The Hooley Dooleys were an Australian children's music and performance act which began in 1996. Their material was aimed at children between the ages of two and seven. They originally appeared on the Australian Broadcasting Corporation (ABC), but then appeared on commercial television and as a live touring act. Early members of the group were David Butts, Antoine Demarest and Bruce Thorburn; director and producer was Jacqueline Cairns; and the early childhood advisor was Angela McLean. 

By 1998, the group was directed and produced by Jane Davidson. In November that year David Brearly of The Australian reported that there were hostilities between management and the entertainers regarding marketing and conflict of interests.

At the ARIA Music Awards of 1999 their fourth studio album, Pop!, won the Best Children's Album trophy. The group was nominated in the same category in seven other years. 

By 2000, their producer and director was Colin Bromley, and, by 2004, Thorburn had left the group with Butts and Demarest set to continue.

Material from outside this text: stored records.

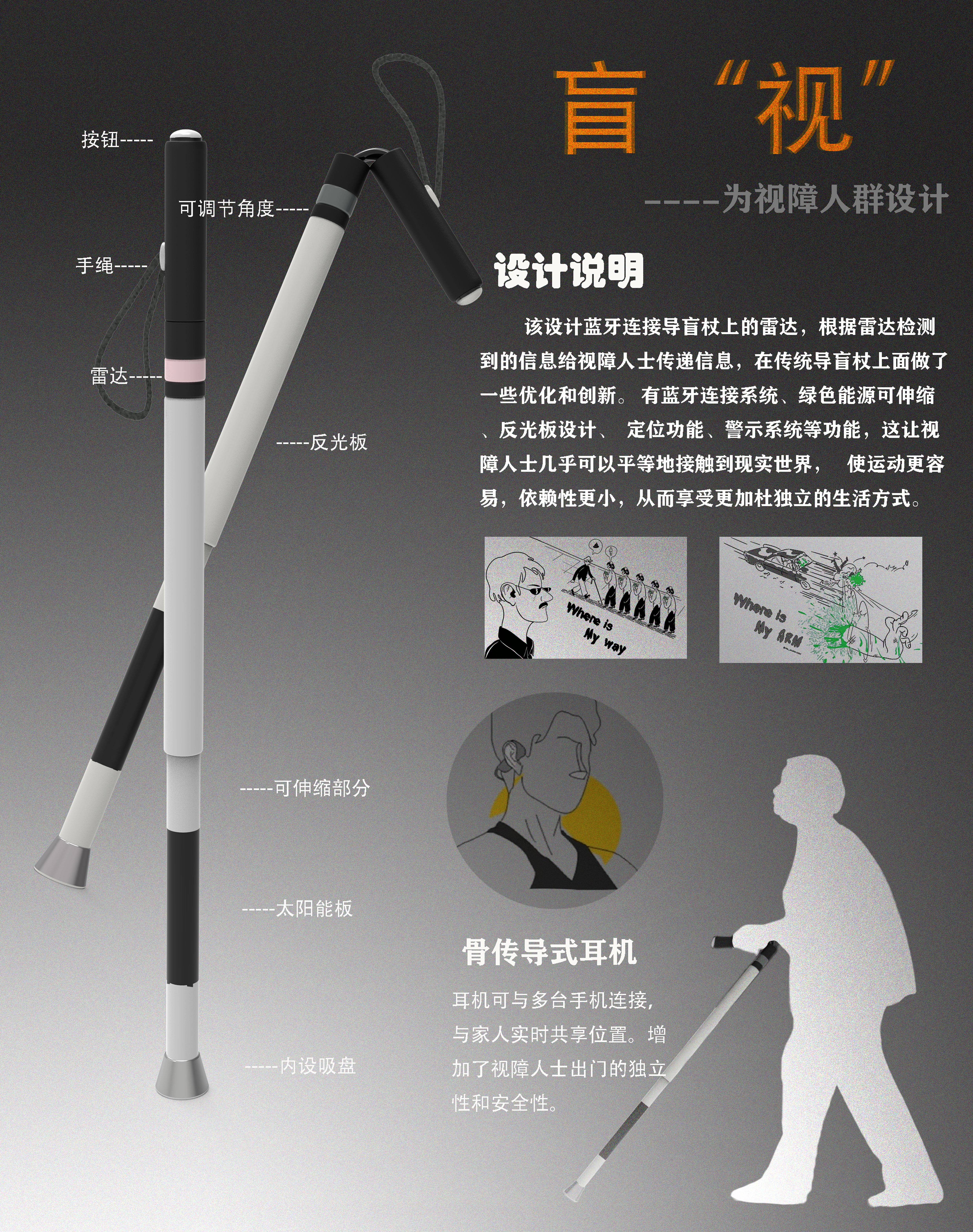 该设计蓝牙连接导盲杖上的雷达,根据雷达检测到的信息给视障人士传递信息,在传统导盲杖上面做了一些优化和创新。有蓝牙连接系统、绿色能源可伸缩、反光板设计、 定位功能、警示系统等功能,这让视障人士几乎可以平等地接触到现实世界,使运动更容易,依赖性更小,从而享受更加杜独立的生活方式。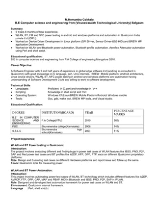 M. Hemantha Gokhale has over 5 years of experience testing WLAN, Bluetooth, FM, and NFC power and developing device drivers and mobile applications. He has a B.E. in Computer Science and Engineering and is proficient in C, Perl, and Linux. His experience includes power testing automation, driver development, and creating mobile games and media streaming applications. He is seeking a software engineering role utilizing his skills in networking, scripting, and embedded systems.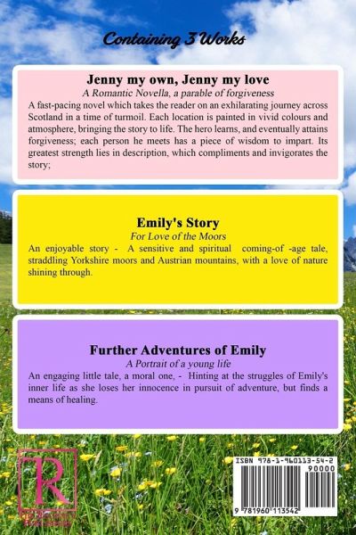 Jenny my own, Jenny my love A Romantic Novella, a parable of forgiveness A fast-pacing novel which takes the reader on an exhilarating journey across Scotland in a time of turmoil. Each location is painted in vivid colours and atmosphere, bringing the story to life. The hero learns, and eventually attains forgiveness; each person he meets has a piece of wisdom to impart. Its greatest strength lies in description, which compliments and invigorates the story; Emily's Story For Love of the Moors An enjoyable story - A sensitive and spiritual coming-of-age tale, straddling Yorkshire moors and Austrian mountains, with a love of nature shining through. Further Adventures of Emily A Portrait of a young life An engaging tale, a moral one, - Hinting at the struggles of Emily's inner life as she loses her innocence in pursuit of adventure, but finds a means of healing.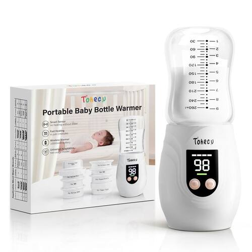 Aquecedor de mamadeira portátil para viagem, aquecedor de mamadeira para leite e leite materno com mamadeira de vidro, 8 adaptadores para Dr.Brown's, Medela, MAM, Philips AVENT, NUK, Pigeon, Evenflo, Tommee Tippee, Como Tomo, Boon - Diretamente utilizável e compatível: vem com 1 garrafa de vidro e 8 adaptadores, o vidro é melhor para aquecimento do que o plástico. A garrafa de vidro pode ser conectada diretamente e os adaptadores são compatíveis com várias marcas de gargalos, como 40 mm (Dr. Brown's, Medela), 50 mm (MAM, Philips AVENT, Dr. Brown's, NUK, Pigeon, Evenflo), 60 mm (Tommee Tippee), 70 mm (Como Tomo, Boon) - Aquecimento rápido e mantém aquecido: o aquecedor de mamadeira pode aquecer até 113 g de leite materno em temperatura normal a 37 °C em apenas 2 minutos. Existem 5 configurações de temperatura (de 36 °C a 50 °C). A sonda de temperatura mede diretamente a água, ela mudará para o modo de manter quente com um bipe suave quando atingir a temperatura definida, o que permite que você libere mais energia para cuidar do bebê - Material à prova de vazamento e seguro: design selado de camada dupla, juntamente com duas vedações de anel de vedação no aquecedor de garrafas e adaptadores. O número de roscas é aumentado e o espaçamento da rosca é reduzido, quando o anel de vedação é bem ajustado, pode efetivamente evitar vazamentos. Cada adaptador também é equipado com um anel de silicone de grau alimentício sobressalente, garantindo a segurança e a saúde do seu bebê - Sem fio e recarregável: o aquecedor de garrafas de viagem está equipado com uma bateria grande de 10.000 mAh, totalmente carregada em quatro horas e o indicador de energia não está mais piscando. Pode aquecer 113 g de água em temperatura ambiente a 37 °C cerca de 10 a 20 vezes. Ao contrário do aquecedor de mamadeira tradicional, você não precisa procurar tomadas enquanto estiver em movimento, ideal para viagens e uso de bolsas de fraldas - Fácil de limpar e usar: aquecendo a água com o aquecedor de garrafas e depois adicione a fórmula, você terá menos limpeza. Depois de fechar a porta de carregamento, ela pode ser facilmente limpa lavando ou limpando. Fácil de usar com apenas um botão de energia e um botão de controle de temperatura. E pode evitar queimaduras a seco quando não há água. É definitivamente uma virada de jogo quando você está fora

In June 2006, they ended their association with the ABC, and entered into a new distribution deal with Warner Bros.

For their 2006 material, additional voices were provided by Kirsten Butts – wife of David Butts – and Mal Heap; they were produced by Jill Coleburn, and directed by Missy Stephens-Gaha. In February 2007 The Australians Michael Bodey and Jim Gaines described how The Hooley Dooleys had "broken free in contentious circumstances", the group had been restricted at the ABC to "merely bit players below the [network's] premier suite of money-spinners, The Wiggles, Bananas in Pyjamas and Play School". The group planned to enhance their associated characters: Tickle the Doodat, to promote tolerance; Russell the Muscley Kangaroo, (health and fitness); Penelope Perfect (creativity); and Captain Catastrophe (safety). 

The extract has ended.